Work order: Below this line are records; transcribe exactly the lines between the one holding "湖南日报·新湖南客户端9月2" and the one holding "Camisa de Manga", inclusive, and omit the pictures.

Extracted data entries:
..............................

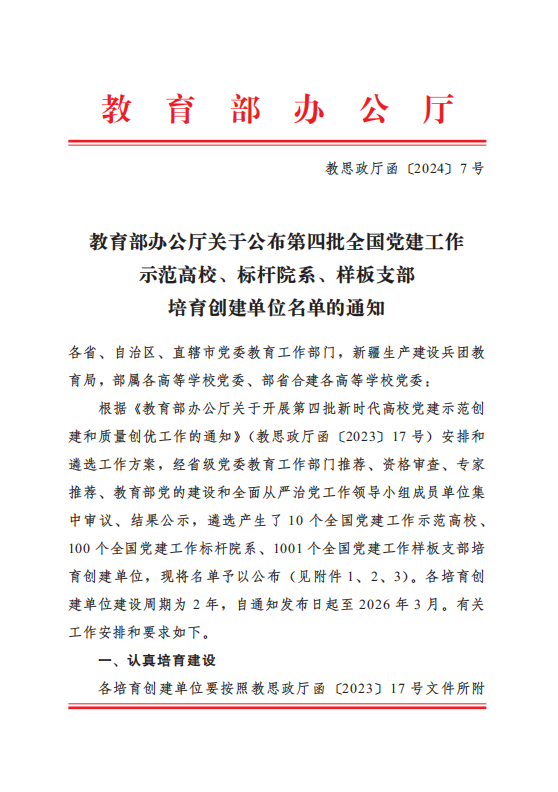 二是抓基层激动能。实施“重规范、抓督导、强素质、优服务、促活力”五项举措,建设“政治功能强、支部班子强、党员队伍强、作用发挥强”的党支部。推进党支部标准化规范化建设,认真落实“三会一课”、主题党日、谈心谈话、组织生活会等制度。召开“五高”建设专题调研会,修订党支部工作考核办法,开展“赛马比拼”,推动“支部书记上讲台”,激发基层党建工作内生动力。本科生第四党支部成为全国第四批样板支部培育创建单位,教师党支部书记在学校党支部书记素质能力大赛中获奖。
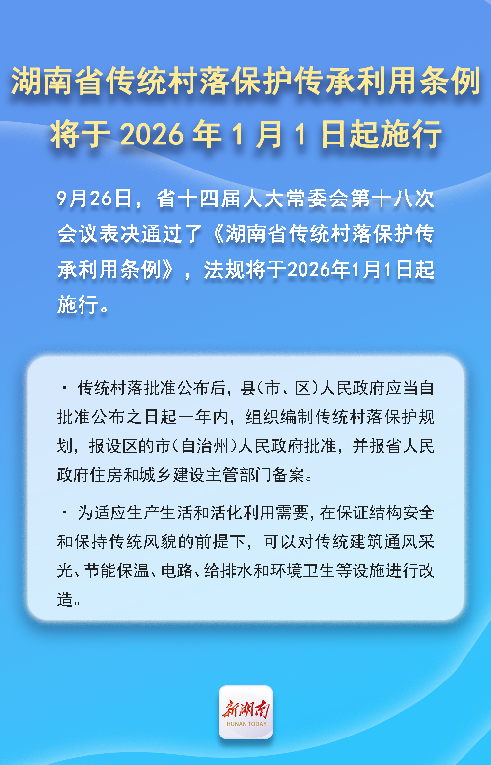 湖南日报·新湖南客户端9月26日讯(记者 郭宸)9月26日,省十四届人大常委会第十八次会议表决通过了《湖南省传统村落保护传承利用条例》,法规将于2026年1月1日起施行。以下为法规全文:
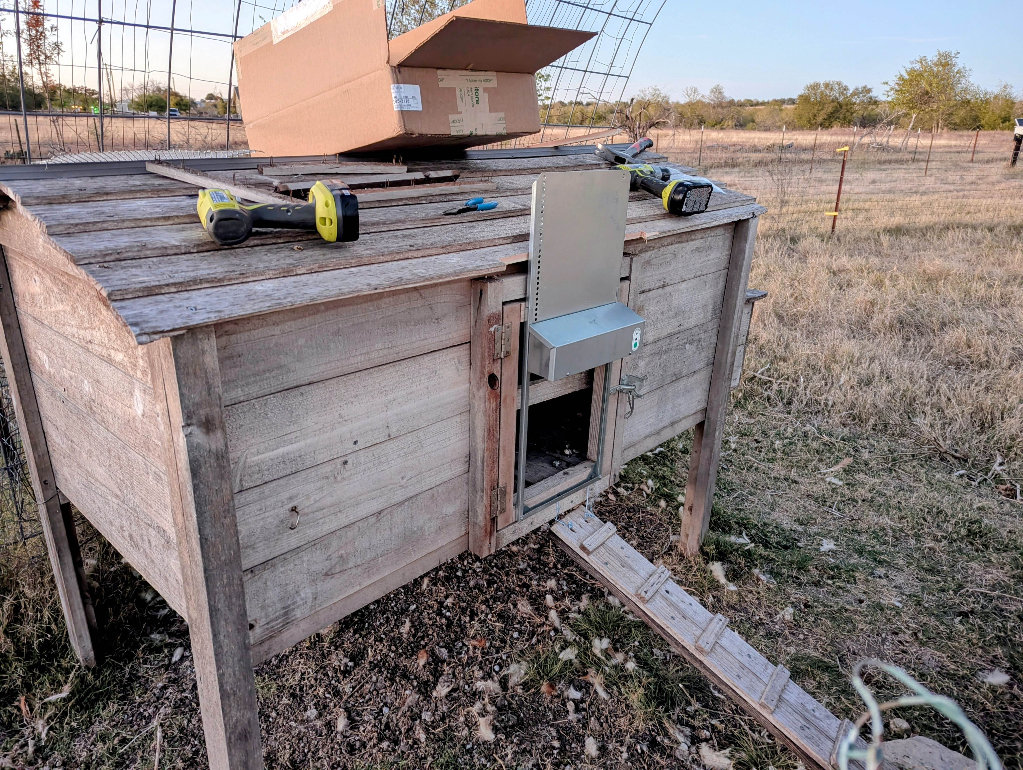 Installed automatic chicken coop door. Took all day. That's why it's night.
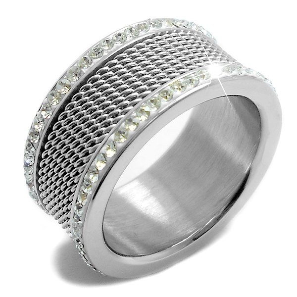 - Anillo tramado con cubics blancos de acero quirúrgico -OFERTA-
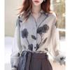 Camisa de Manga Larga Francesa Meisrn para Mujer Otoño 2024 Nueva Azul Estilo Palacio Pequeño
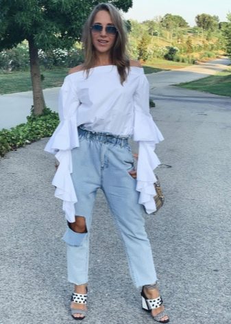 Mais tout le monde a noté que la chanteuse avait choisi une très bonne combinaison, portant un jean déchiré à la mode avec un chemisier blanc en cascade.

..............................

Result for this exercise:
 湖南日报·新湖南客户端9月26日讯(记者 郭宸)9月26日,省十四届人大常委会第十八次会议表决通过了《湖南省传统村落保护传承利用条例》,法规将于2026年1月1日起施行。以下为法规全文:
 Installed automatic chicken coop door. Took all day. That's why it's night.
 - Anillo tramado con cubics blancos de acero quirúrgico -OFERTA-
 Camisa de Manga Larga Francesa Meisrn para Mujer Otoño 2024 Nueva Azul Estilo Palacio Pequeño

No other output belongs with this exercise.